_Work required:_
Your answer must be an exact copy of the data, without any pictures.

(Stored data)
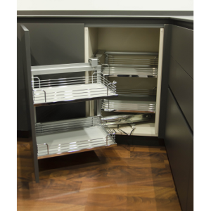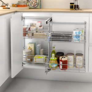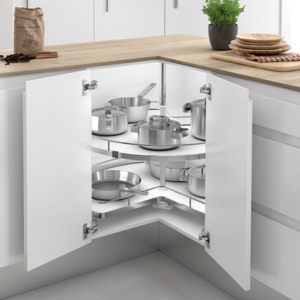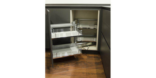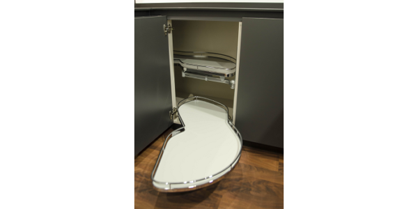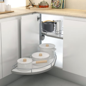 Los muebles de cocina en rincón angular son más aprovechables pero sobre todo más cómodos de uso si incorporamos mecanismo que mejoran su acceso como estos.
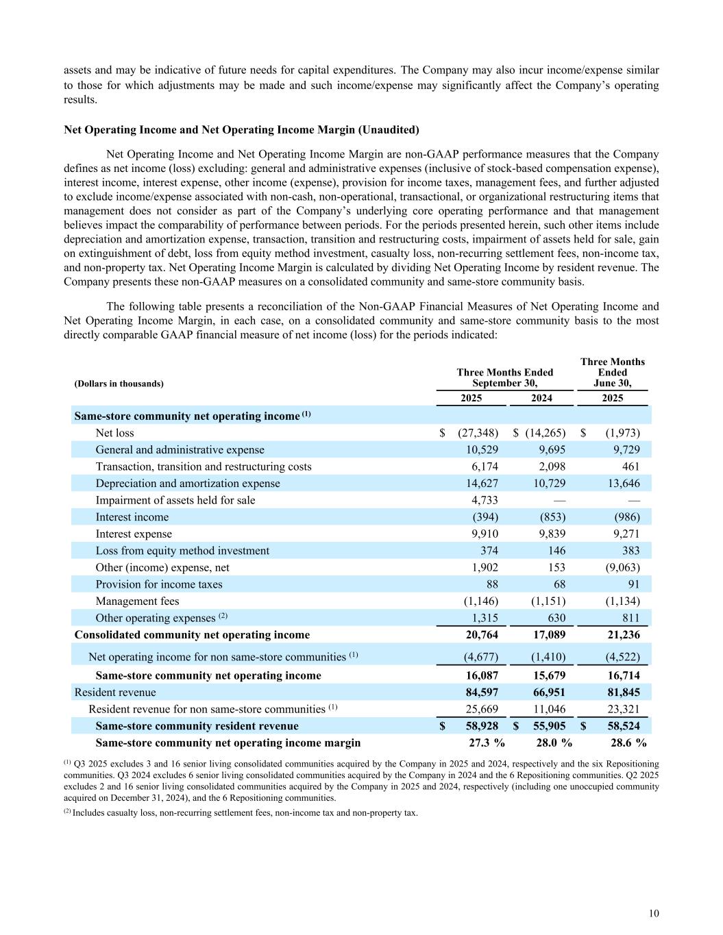 assets and may be indicative of future needs for capital expenditures. The Company may also incur income/expense similar to those for which adjustments may be made and such income/expense may significantly affect the Company’s operating results. Net Operating Income and Net Operating Income Margin (Unaudited) Net Operating Income and Net Operating Income Margin are non-GAAP performance measures that the Company defines as net income (loss) excluding: general and administrative expenses (inclusive of stock-based compensation expense), interest income, interest expense, other income (expense), provision for income taxes, management fees, and further adjusted to exclude income/expense associated with non-cash, non-operational, transactional, or organizational restructuring items that management does not consider as part of the Company’s underlying core operating performance and that management believes impact the comparability of performance between periods. For the periods presented herein, such other items include depreciation and amortization expense, transaction, transition and restructuring costs, impairment of assets held for sale, gain on extinguishment of debt, loss from equity method investment, casualty loss, non-recurring settlement fees, non-income tax, and non-property tax. Net Operating Income Margin is calculated by dividing Net Operating Income by resident revenue. The Company presents these non-GAAP measures on a consolidated community and same-store community basis. The following table presents a reconciliation of the Non-GAAP Financial Measures of Net Operating Income and Net Operating Income Margin, in each case, on a consolidated community and same-store community basis to the most directly comparable GAAP financial measure of net income (loss) for the periods indicated: (Dollars in thousands) Three Months Ended September 30, Three Months Ended June 30, 2025 2024 2025 Same-store community net operating income (1) Net loss $ (27,348) $ (14,265) $ (1,973) General and administrative expense 10,529 9,695 9,729 Transaction, transition and restructuring costs 6,174 2,098 461 Depreciation and amortization expense 14,627 10,729 13,646 Impairment of assets held for sale 4,733 — — Interest income (394) (853) (986) Interest expense 9,910 9,839 9,271 Loss from equity method investment 374 146 383 Other (income) expense, net 1,902 153 (9,063) Provision for income taxes 88 68 91 Management fees (1,146) (1,151) (1,134) Other operating expenses (2) 1,315 630 811 Consolidated community net operating income 20,764 17,089 21,236 Net operating income for non same-store communities (1) (4,677) (1,410) (4,522) Same-store community net operating income 16,087 15,679 16,714 Resident revenue 84,597 66,951 81,845 Resident revenue for non same-store communities (1) 25,669 11,046 23,321 Same-store community resident revenue $ 58,928 $ 55,905 $ 58,524 Same-store community net operating income margin 27.3 % 28.0 % 28.6 % (1) Q3 2025 excludes 3 and 16 senior living consolidated communities acquired by the Company in 2025 and 2024, respectively and the six Repositioning communities. Q3 2024 excludes 6 senior living consolidated communities acquired by the Company in 2024 and the 6 Repositioning communities. Q2 2025 excludes 2 and 16 senior living consolidated communities acquired by the Company in 2025 and 2024, respectively (including one unoccupied community acquired on December 31, 2024), and the 6 Repositioning communities. (2) Includes casualty loss, non-recurring settlement fees, non-income tax and non-property tax. 10
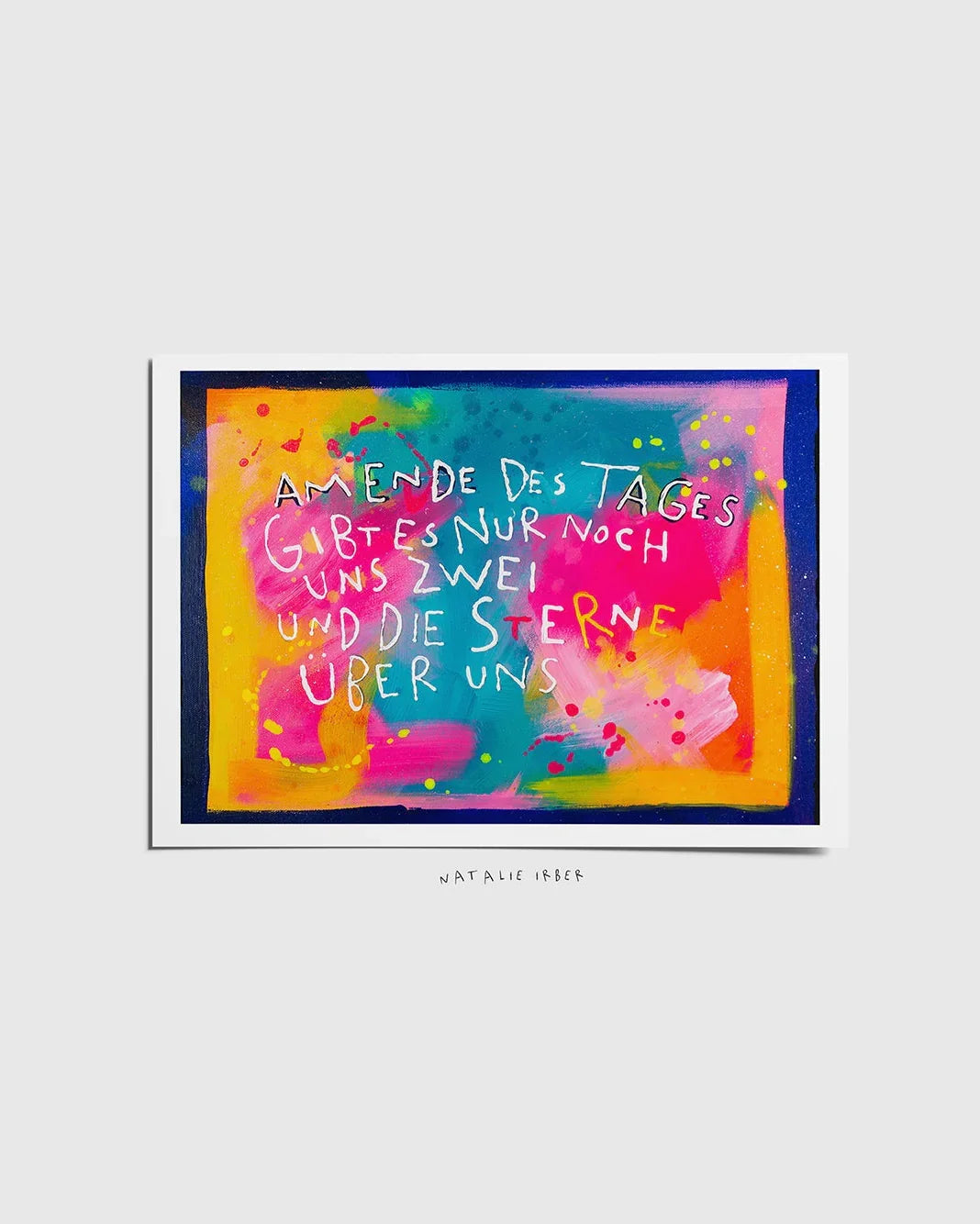 Es ist mehr als nur eine Postkarte.Feines Papier, leuchtende Farben, echte Worte.Zum Behalten, Verschicken oder Verschenken.Mit Liebe gedruckt, geschnitten & verpackt.
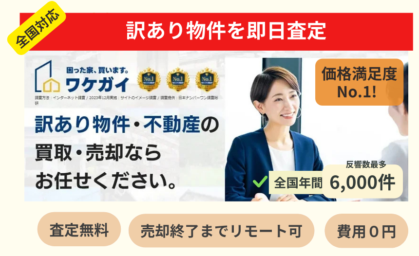 ワケガイは空き家と訳あり物件全般に対応する買取サービスで、 空き家・中古戸建 築古物件 土地 共有持分 再建築不可物件 底地・借地 事故物件 アパート、長屋、収益物件など訳あり物件全般対応。
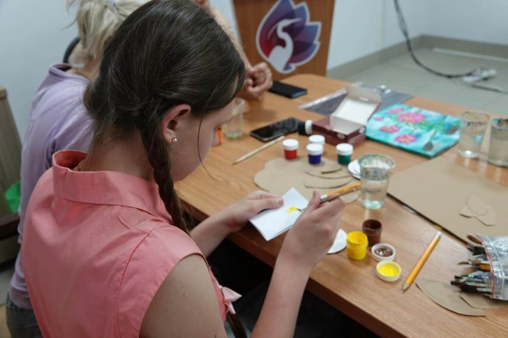 На заключительном занятии кружка участники подвели творческие итоги и вновь взяли кисти в руки. Они придумывали логотип «Заповедной палитры» и наносили его на деревянные магниты. В будущем рисунки ребят будут использованы для разработки логотипа кружка. Всем участникам вручили сертификаты об окончании кружка и сувенирную продукцию Астраханского заповедника.
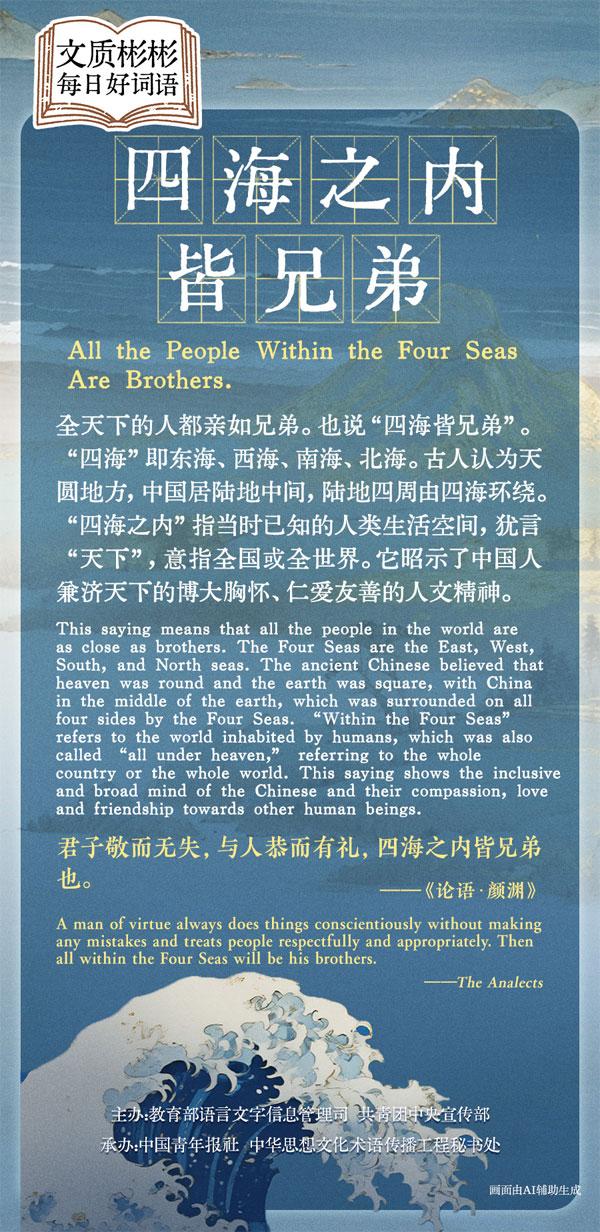 全天下的人都亲如兄弟。也说“四海皆兄弟”。“四海”即东海、西海、南海、北海。古人认为天圆地方,中国居陆地中间,陆地四周由四海环绕。“四海之内”指当时已知的人类生活空间,犹言“天下”,意指全国或全世界。它昭示了中国人兼济天下的博大胸怀、仁爱友善的人文精神。

_Exercise solution:_
 Los muebles de cocina en rincón angular son más aprovechables pero sobre todo más cómodos de uso si incorporamos mecanismo que mejoran su acceso como estos.
 assets and may be indicative of future needs for capital expenditures. The Company may also incur income/expense similar to those for which adjustments may be made and such income/expense may significantly affect the Company’s operating results. Net Operating Income and Net Operating Income Margin (Unaudited) Net Operating Income and Net Operating Income Margin are non-GAAP performance measures that the Company defines as net income (loss) excluding: general and administrative expenses (inclusive of stock-based compensation expense), interest income, interest expense, other income (expense), provision for income taxes, management fees, and further adjusted to exclude income/expense associated with non-cash, non-operational, transactional, or organizational restructuring items that management does not consider as part of the Company’s underlying core operating performance and that management believes impact the comparability of performance between periods. For the periods presented herein, such other items include depreciation and amortization expense, transaction, transition and restructuring costs, impairment of assets held for sale, gain on extinguishment of debt, loss from equity method investment, casualty loss, non-recurring settlement fees, non-income tax, and non-property tax. Net Operating Income Margin is calculated by dividing Net Operating Income by resident revenue. The Company presents these non-GAAP measures on a consolidated community and same-store community basis. The following table presents a reconciliation of the Non-GAAP Financial Measures of Net Operating Income and Net Operating Income Margin, in each case, on a consolidated community and same-store community basis to the most directly comparable GAAP financial measure of net income (loss) for the periods indicated: (Dollars in thousands) Three Months Ended September 30, Three Months Ended June 30, 2025 2024 2025 Same-store community net operating income (1) Net loss $ (27,348) $ (14,265) $ (1,973) General and administrative expense 10,529 9,695 9,729 Transaction, transition and restructuring costs 6,174 2,098 461 Depreciation and amortization expense 14,627 10,729 13,646 Impairment of assets held for sale 4,733 — — Interest income (394) (853) (986) Interest expense 9,910 9,839 9,271 Loss from equity method investment 374 146 383 Other (income) expense, net 1,902 153 (9,063) Provision for income taxes 88 68 91 Management fees (1,146) (1,151) (1,134) Other operating expenses (2) 1,315 630 811 Consolidated community net operating income 20,764 17,089 21,236 Net operating income for non same-store communities (1) (4,677) (1,410) (4,522) Same-store community net operating income 16,087 15,679 16,714 Resident revenue 84,597 66,951 81,845 Resident revenue for non same-store communities (1) 25,669 11,046 23,321 Same-store community resident revenue $ 58,928 $ 55,905 $ 58,524 Same-store community net operating income margin 27.3 % 28.0 % 28.6 % (1) Q3 2025 excludes 3 and 16 senior living consolidated communities acquired by the Company in 2025 and 2024, respectively and the six Repositioning communities. Q3 2024 excludes 6 senior living consolidated communities acquired by the Company in 2024 and the 6 Repositioning communities. Q2 2025 excludes 2 and 16 senior living consolidated communities acquired by the Company in 2025 and 2024, respectively (including one unoccupied community acquired on December 31, 2024), and the 6 Repositioning communities. (2) Includes casualty loss, non-recurring settlement fees, non-income tax and non-property tax. 10
 Es ist mehr als nur eine Postkarte.Feines Papier, leuchtende Farben, echte Worte.Zum Behalten, Verschicken oder Verschenken.Mit Liebe gedruckt, geschnitten & verpackt.
 ワケガイは空き家と訳あり物件全般に対応する買取サービスで、 空き家・中古戸建 築古物件 土地 共有持分 再建築不可物件 底地・借地 事故物件 アパート、長屋、収益物件など訳あり物件全般対応。
 На заключительном занятии кружка участники подвели творческие итоги и вновь взяли кисти в руки. Они придумывали логотип «Заповедной палитры» и наносили его на деревянные магниты. В будущем рисунки ребят будут использованы для разработки логотипа кружка. Всем участникам вручили сертификаты об окончании кружка и сувенирную продукцию Астраханского заповедника.
 全天下的人都亲如兄弟。也说“四海皆兄弟”。“四海”即东海、西海、南海、北海。古人认为天圆地方,中国居陆地中间,陆地四周由四海环绕。“四海之内”指当时已知的人类生活空间,犹言“天下”,意指全国或全世界。它昭示了中国人兼济天下的博大胸怀、仁爱友善的人文精神。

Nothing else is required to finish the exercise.